Building and running Spark 1.0 on Ubuntu

This article describes the step-by-step approach to build and run Apache Spark 1.0.0-SNAPSHOT. I personally use a virtual machine for testing out different big data softwares (Hadoop, Spark, Hive, etc.) and I’ve used LinuxMint 16 on VirtualBox 4.3.10 for the purpose of this blog post.

Install JDK 7

$ sudo add-apt-repository ppa:webupd8team/java
$ sudo apt-get update
$ sudo apt-get install oracle-java7-installer

Verify the Java installation:

$ java -version
java version "1.7.0_55"
Java(TM) SE Runtime Environment (build 1.7.0_55-b13)
Java HotSpot(TM) 64-Bit Server VM (build 24.55-b03, mixed mode)

Create a symlink for easier configuration later

$ cd /usr/lib/jvm/
$ sudo ln -s java-7-oracle jdk

Download Spark

Note: parambirs is my user name as well as group name on the ubuntu machine. Please replace this with your own user/group name

$ cd ~/Downloads
$ git clone
$ sudo mv spark /usr/local
$ cd /usr/local
$ sudo chown -R parambirs:parambirs spark


$ cd /usr/local/spark
$ sbt/sbt clean assembly

Run an Example

$ cd /usr/local/spark
$ ./bin/run-example org.apache.spark.examples.SparkPi 
Pi is roughly 3.1399

Run Spark Shell

$ ./bin/spark-shell

Try out some commands in the spark shell

scala> val textFile=sc.textFile("")
textFile: org.apache.spark.rdd.RDD[String] = MappedRDD[1] at textFile at <console>:12
scala> textFile.count
res0: Long = 126
scala> textFile.filter(_.contains("the")).count
res1: Long = 28
scala> exit

10 thoughts on “Building and running Spark 1.0 on Ubuntu

  2. Hi, I hit error when executing this command : $ sbt/sbt clean assembly. Based on the logs :
    # There is insufficient memory for the Java Runtime Environment to continue.
    # Native memory allocation (malloc) failed to allocate 1431699456 bytes for committing reserved memory.
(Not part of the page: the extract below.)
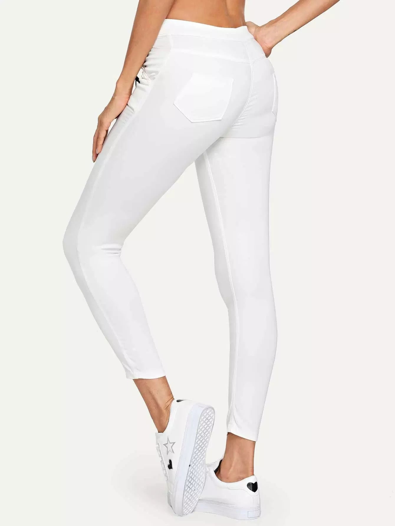 بنطال جينز جينز سكيني ضيق بجيب مطاطي عالي التمدد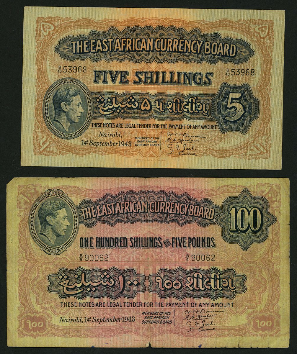 East African Currency Board, 100 shillings, 1 September 1943, serial number B/9 90062, also 5 shillings, 1 September 1943,

    Mind to advise on how to overcome this?

    • Hi,

      It seems your system doesn’t have enough memory. How much RAM do you have? On my mac, sbt easily uses more than 1GB RAM while executing. So, you might need to try this out on another machine. If you’re using a VM, try allocating more memory to this instance.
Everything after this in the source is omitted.